Furthermore, as Lammer et al Yet another disadvantage is the static Fludarabine FET that these quantities not to use very small amounts of test substance required to Best Account the results chemicals U Only difficult. Be removed by the formation of a perfusion system k Can gr Ere volume of the medium for chemical analysis Best Confirmation test such as the metabolic degradation of compounds. This should be green Erer contr The quality, and the data for a comprehensive interpretation of the toxicity of t. In addition, the device t M Possibility that embryos with the drug through the medium of exchange and rapid pulse followed embryo without the position.

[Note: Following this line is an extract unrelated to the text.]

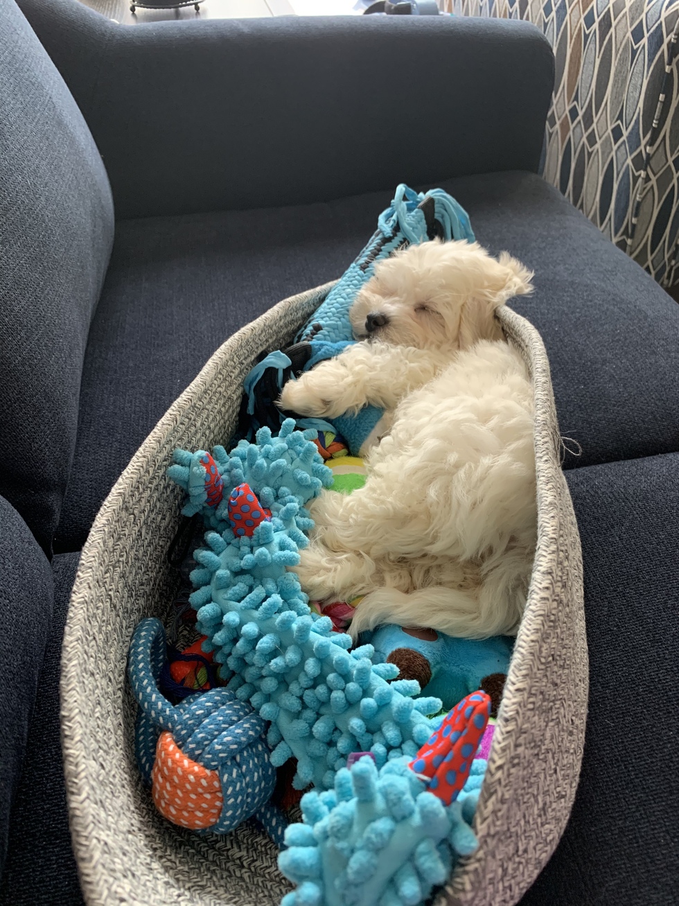 Your Pet's Bio/StoryBruce is a 3 month old havanese/bichon mix. He enjoys spending his day napping in his toy basket. When he needs to do some indoor running he loves playing chase that ice.
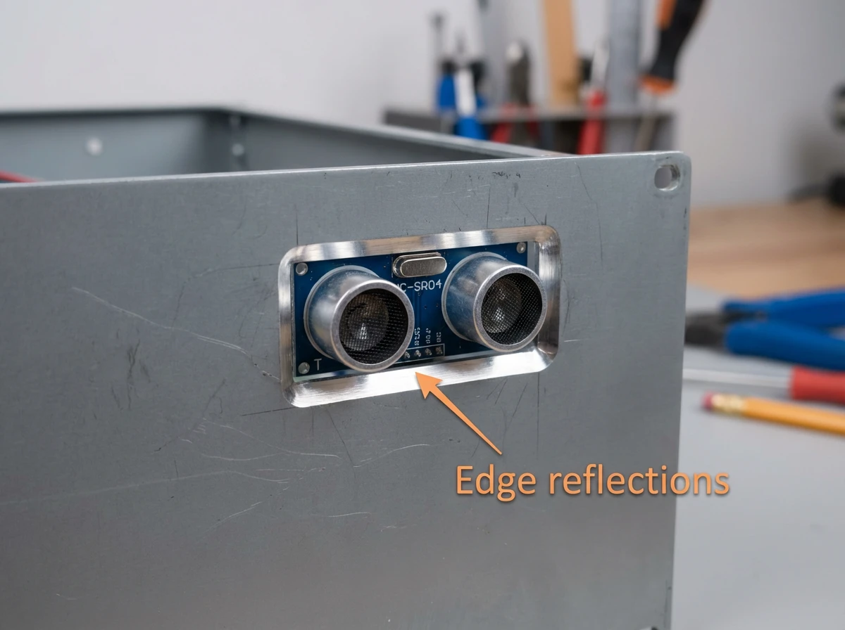 Ultrasound becomes more difficult if your target does not reflect sound well. Soft materials (fabric, foam) absorb sound. An angled surface bounces the echo away. And you can sometimes miss narrow objects because the beam does not receive enough reflection. Mounting also plays a role: if you place the sensor in a tight housing, edges and cutouts can cause extra reflections. This results in measurements that sometimes suddenly overshoot.

This may be of particular importance for the controlled L is precisely the transcriptional activation of target genes using inducible transgenes, such as tetracycline inducible Tet on Gene Expression System. In addition, k The drug delivery pulse can for the delivery of toxins temporary and / or An Sthetika to short-term exposures to high doses that are used to assess the development of the embryo in a medium without drugs followed. The delivery of cells durchl, precious metals, fluorescent probes can be considerably fast by washing their performance to the background fluorescence in the subsequent reduction Takeover easier. Long-term micro-environment of the embryo culture to demonstrate the feasibility of analyzing the development of Zebrab Rbling for long ZEITR dreams, be carried out numerical simulations in addition to both the beaches flow velocity abzusch COLUMNS and magnitude the shearing forces is applied to the embryos.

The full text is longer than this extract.